GirlDefined Ministries is a flourishing multiplatform purity ministry developed by Texan sisters Kristen Clark and Bethany Beal. Clark and Beal’s goal for GirlDefined Ministries is to develop a sisterhood that encourages women and girls to find their identity in what they imagine as God’s design for femininity. Analyzing this discourse, we demonstrate how it mobilizes White supremacist strategies that have long nationalist histories within White Christian rhetoric in the United States. Moreover, we demonstrate how these strategies manifest in discourse through a particularly patriarchal version of femininity—thus, the sexism we identify in GirlDefined Ministries reinforces racial privilege for White people. Ultimately, we illustrate how this ministry utilizes rhetorical styles that first draw girls and women into an identity we describe as “pure White womanhood” and then deploy this identity on the front lines of the Christian culture wars.

Notes

1 Clark and Beal are the sisters’ married surnames. We use these surnames in our prose, while our citations reflect their surnames at the time of publication.

2 There are no absolute delineations between fundamentalist, evangelical, and mainstream Protestant denominations in the United States, yet these terms denote different flavors of Protestantism and different doctrines (see Bebbington, Citation1989) and refer to different denominational histories (see Maddux, Citation2011; Noll, Bebbington, & Marsden, Citation2019; Putnam & Campbell, Citation2010).
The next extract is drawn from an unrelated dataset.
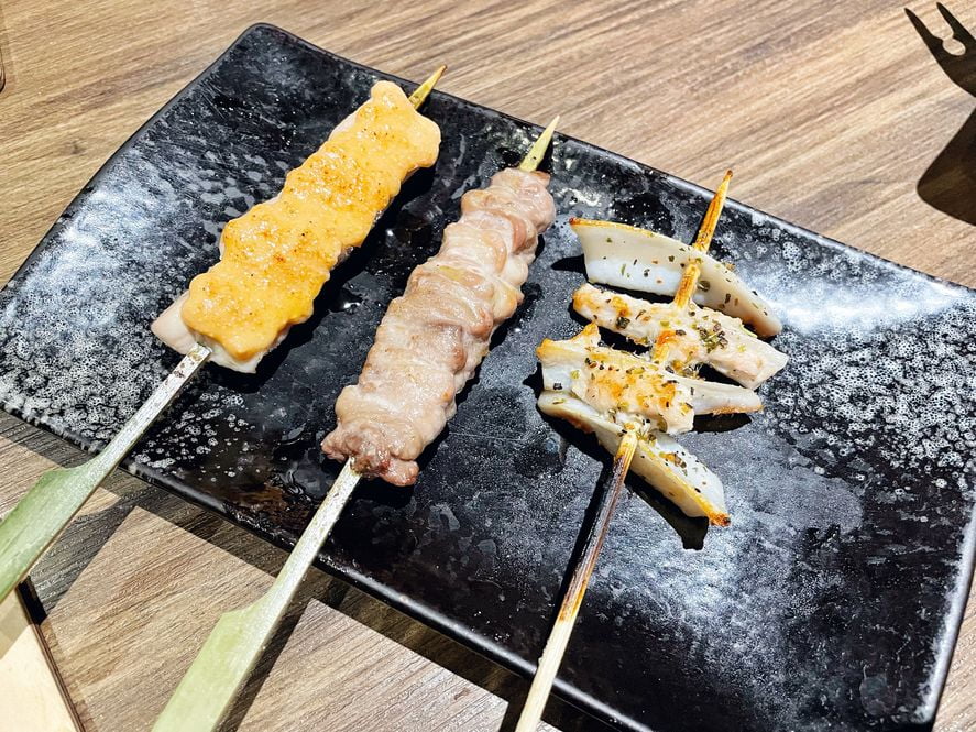 我自己偏愛雞菲力烤串,居然有明太子、芥末美乃滋、柚子胡椒、紅玉味噌四種口味可以選,我們選了明太子醬,鹹甜中帶點微辛辣感配上軟嫩有彈性的雞肉非常好吃,雞頸肉也是第一次嘗試烤串的料理方式,沒有過多的調味,炙烤後簡單撒上鹽巴,一口咬下還保有肉汁,跟一般的串燒相比更加清爽不膩

Yet within current popular culture, the term “evangelical” is largely used in the same way “fundamentalist” was thirty years ago: to denote an especially strident, conservative brand of American Christianity (see Bruenig, Citation2020). As such, when we refer to fundamentalism and evangelicalism, we recognize that the terms are not quite synonymous and yet we discuss White fundamentalist evangelicalism as a widespread, transdenominational expression of doctrines and practices that espouse White supremacist, patriarchal gender roles.

3 Karen Cox (Citation2021) demonstrates how this Lost Cause ideology suffused the recent attack on the U.S. capitol. Firmly believing in the rightness of their (lost) cause, Christian nationalists and other White supremacists acted in the full faith of their convictions—refusing to accept the election results even as the South refused to accept the Confederacy’s crushing defeat.

4 The way Clark and Beal link behavior and feminine beauty is reminiscent of the way Christian ex-gay conversion narratives link behavior and (supposedly) authentic gender (see Bennett, Citation2003).